How small a parcel and what's your ceiling as far as price goes? I have a place in Noble Co. I sometimes see small parcels around. they generally go from between $2500/$3500 per acre, depending on a lot of factors such as size, road frontage, etc. You might want to look into Bruner Land Co. and Ben Schafer Realty. There's a lot of land auctions in my area. My wife and I love the area...good choice on your part, by the way. Good luck


----------



## Nomad (Dec 19, 2002)

pheasantplucker said:


> How small a parcel and what's your ceiling as far as price goes? I have a place in Noble Co.

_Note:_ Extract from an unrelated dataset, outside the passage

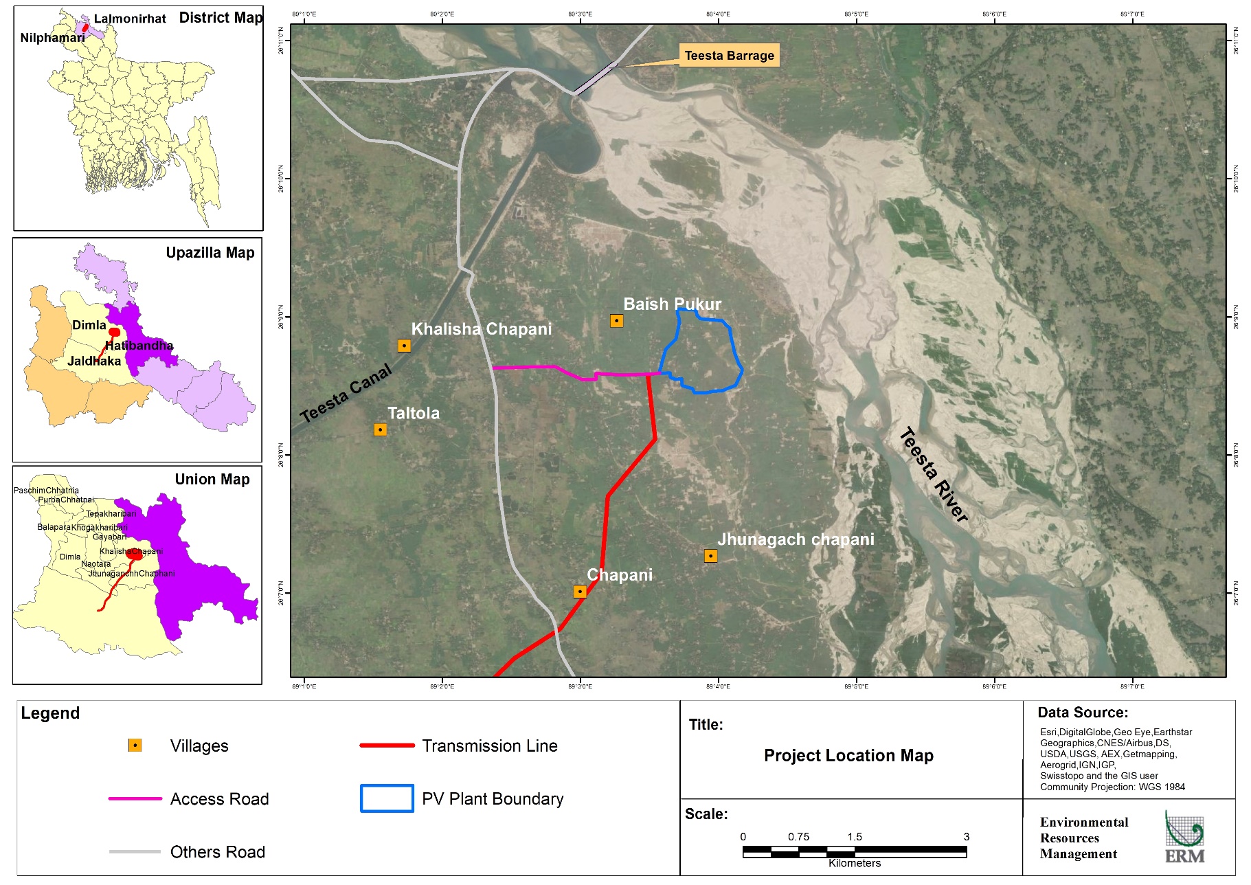 The project is a 50-megawatt (MW) solar photovoltaic (PV) power plant in Nilphamari district, Bangladesh. The project will be developed by Scatec through a SPV named Bangla Sun Solar Energy Limited (BSSE). The proposed project will be located in the village of Baish Pukur, part of the Khalisa Chapani Union Parishad; Upazila (Sub-district) Dimla; District Nilphamari; Rangpur Division of North Bangladesh. The site can be approached through Jaldhaka-Dalia road from the district headquarter Nilphamari.

I sometimes see small parcels around. they generally go from between $2500/$3500 per acre, depending on a lot of factors such as size, road frontage, etc. You might want to look into Bruner Land Co. and Ben Schafer Realty. There's a lot of land auctions in my area. My wife and I love the area...good choice on your part, by the way. Good luck


I would like a lot maybe up to 5 acres. The ceiling price would depend on the interest charged. I've seen from 9.9% to 12.9% so far. But someone will have to accept a very low down payment. I was buying a parcel near Quaker City back in 2002 but we had some serious financial emergencies and had to let it go back to the owner. I lost a good bit of money on that one. If I had it to do over I would have found a way to keep it. I've sent e-mail to a couple of sellers but they haven't responded. Evidently my down payment limit is too low.

Nomad


----------



## thequeensblessing (Mar 30, 2003)

If you're willing to look into south western Ohio, there are a lot of land contract parcels around here in Adams county. You can get 6 acres for around 3k per acre at about 8% interest and about 500 dollars down. Payments are 150.00 a month or so. There is no credit check on most of these parcels either.


----------



## pheasantplucker (Feb 20, 2007)

I'll keep my eyes open this weekend. I'll snoop around for you.


----------



## Nomad (Dec 19, 2002)

pheasantplucker said:


> I'll keep my eyes open this weekend. I'll snoop around for you.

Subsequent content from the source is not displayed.